Effects of insulin-like growth factor I on growth, epithelial barrier and iodide transport in polarized pig thyrocyte monolayers.

The effects of insulin-like growth factor I (IGF-I) on mitogenesis, epithelial barrier function and transepithelial iodide transport were studied in confluent, polarized monolayers of pig thyrocytes cultured on filter in Transwell bicameral chambers. The growth rate in controls cultured in 1% fetal calf serum was low. Insulin-like growth factor I stimulated dose-dependently the incorporation of [3H]thymidine, maximally at 100 ng/ml, which corresponded to an increase of DNA content by 60% after 6 days.

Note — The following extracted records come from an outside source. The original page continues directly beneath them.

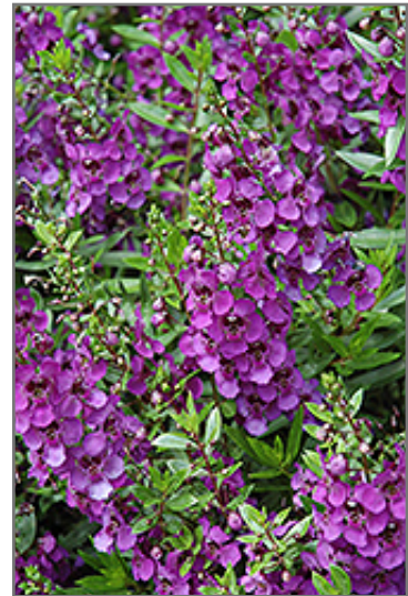
Archangel Dark Purple Angelonia flowers

Archangel Dark Purple Angelonia is recommended for the following landscape applications;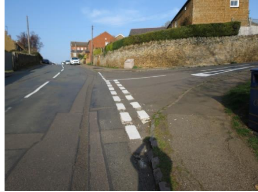
The junction of Blind Lane and Rockingham Road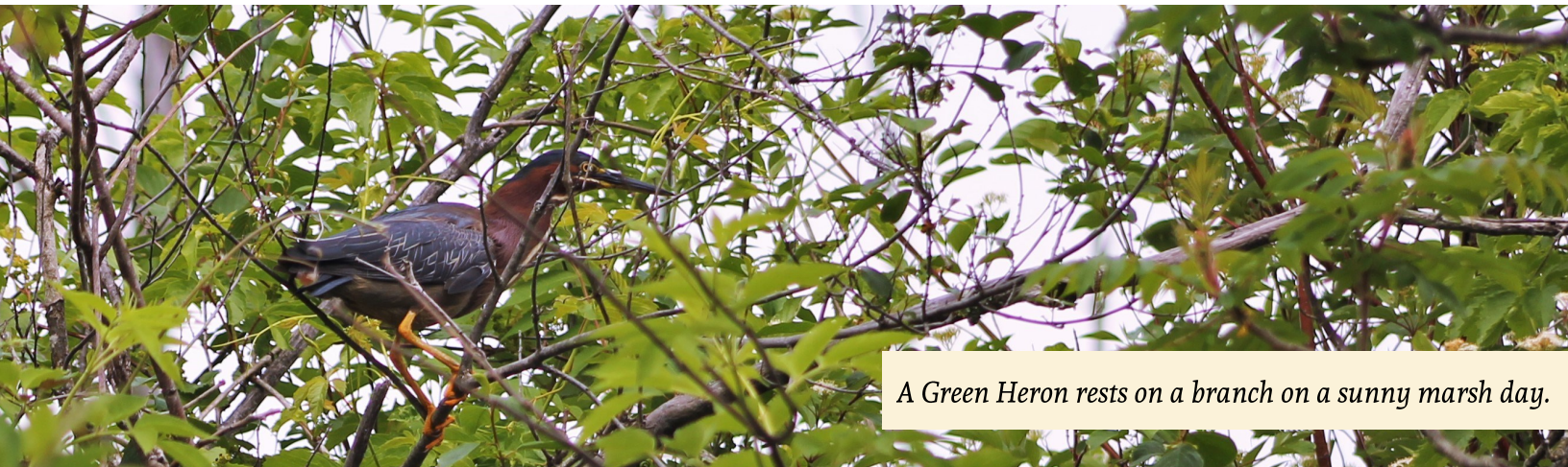
A Green Heron rests on a branch on a sunny marsh day.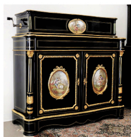
SWISS IDEAL INTERCHANGEABLE CYLINDER MUSIC BOX BY MERMOD FRERES Accompanied by eight cylinders (each with eight songs) and hand-written tune cards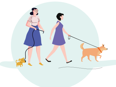
DOG WALK PARK

Thyrotropin (1 mU/ml) alone did not stimulate cell multiplication but inhibited partially the stimulatory effect of IGF-I. Insulin-like growth factor I (100 ng/ml) increased within 10 min the transepithelial potential difference, which remained elevated for several days, but did not significantly change the transepithelial resistance. When added together, IGF-I reinforced the effects of TSH on potential difference (increase) and resistance (decrease). A preserved epithelial barrier in IGF-I-treated cultures was confirmed by observing a normal immunolocalization of the tight junction protein ZO-1 and an unchanged ultrastructure of the junctional complex. Insulin-like growth factor I increased the transepithelial flux of 125I- in the basal-to-apical, but not in the opposite, direction. Stimulation of iodide transport by IGF-I was modest after 2 days and pronounced after 6 days. In comparison, TSH-stimulated iodide transport was higher after 2 days but lower after 6 days. Both TSH and IGF-I were strongly synergistic, after 6 days amounting to a 90-fold increase over the control basoapical 125I- transfer. The simultaneous accumulation of 125I- in the cell layer was increased two- to fourfold by IGF-I and/or TSH. In conclusion, IGF-I is able to induce growth in preformed monolayers of pig thyrocytes cultured on permeable filter. During these conditions, the mitogenic effect of IGF-I is partially inhibited by TSH, which has no growth-promoting action on its own. The transepithelial transport of iodide and bulk electrolytes is altered by IGF-I without affecting the epithelial barrier function. Specifically, IGF-I up-regulates the activity of the basolateral iodide pump and increases the iodide permeability of the apical plasma membrane. The action of IGF-I on iodide transport is independent of, although synergistic with, that of TSH. The findings support the notion that IGF-I may be an important regulator of thyroid growth and differentiated functions.